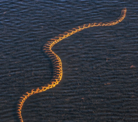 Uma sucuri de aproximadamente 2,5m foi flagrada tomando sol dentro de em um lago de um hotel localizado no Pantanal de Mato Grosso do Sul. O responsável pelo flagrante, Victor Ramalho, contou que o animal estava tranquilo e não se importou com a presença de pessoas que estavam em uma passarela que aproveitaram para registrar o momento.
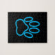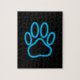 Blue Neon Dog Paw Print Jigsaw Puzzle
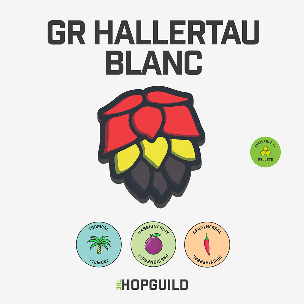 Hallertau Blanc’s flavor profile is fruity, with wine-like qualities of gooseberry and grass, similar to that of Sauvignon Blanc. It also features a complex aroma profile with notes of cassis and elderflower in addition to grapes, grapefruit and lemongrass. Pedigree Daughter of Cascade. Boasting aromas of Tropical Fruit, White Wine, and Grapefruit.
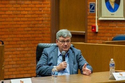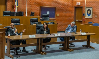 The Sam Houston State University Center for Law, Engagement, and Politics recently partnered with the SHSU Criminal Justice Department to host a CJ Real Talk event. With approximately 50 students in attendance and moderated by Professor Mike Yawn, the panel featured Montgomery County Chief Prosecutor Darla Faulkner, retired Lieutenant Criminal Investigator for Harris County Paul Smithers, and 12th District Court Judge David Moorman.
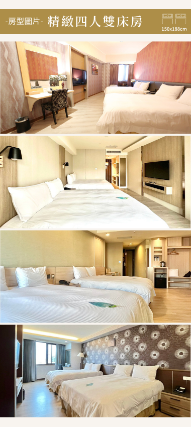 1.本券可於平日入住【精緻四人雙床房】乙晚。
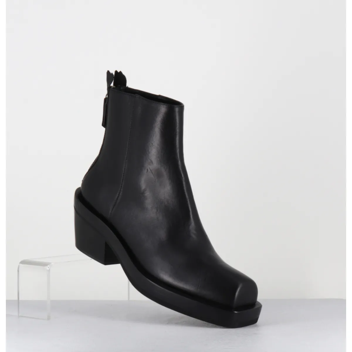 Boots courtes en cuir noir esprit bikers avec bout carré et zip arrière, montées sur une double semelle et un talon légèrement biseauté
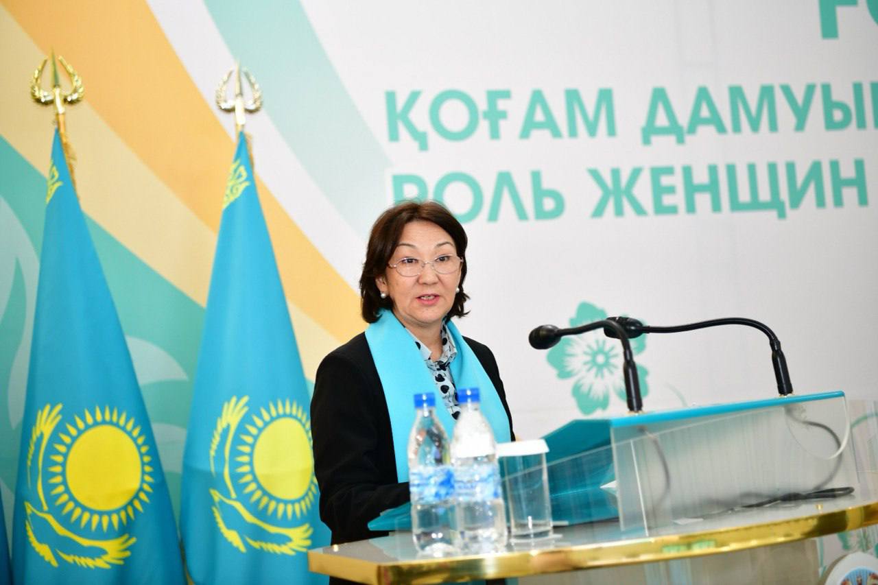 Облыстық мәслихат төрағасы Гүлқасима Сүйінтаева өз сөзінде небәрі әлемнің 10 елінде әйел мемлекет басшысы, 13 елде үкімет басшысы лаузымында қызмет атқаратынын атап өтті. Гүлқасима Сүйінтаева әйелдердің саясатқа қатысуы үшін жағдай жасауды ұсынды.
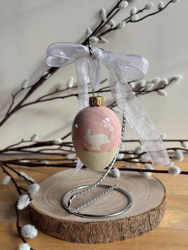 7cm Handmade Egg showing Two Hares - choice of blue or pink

■ **ASSIGNMENT**: Only the lines from the first line of the listing above through the line with "Hallertau Blanc’s flavor" should be set down, exactly and without pictures.

■ **ANSWER BOX**:
 Uma sucuri de aproximadamente 2,5m foi flagrada tomando sol dentro de em um lago de um hotel localizado no Pantanal de Mato Grosso do Sul. O responsável pelo flagrante, Victor Ramalho, contou que o animal estava tranquilo e não se importou com a presença de pessoas que estavam em uma passarela que aproveitaram para registrar o momento.
 Blue Neon Dog Paw Print Jigsaw Puzzle
 Hallertau Blanc’s flavor profile is fruity, with wine-like qualities of gooseberry and grass, similar to that of Sauvignon Blanc. It also features a complex aroma profile with notes of cassis and elderflower in addition to grapes, grapefruit and lemongrass. Pedigree Daughter of Cascade. Boasting aromas of Tropical Fruit, White Wine, and Grapefruit.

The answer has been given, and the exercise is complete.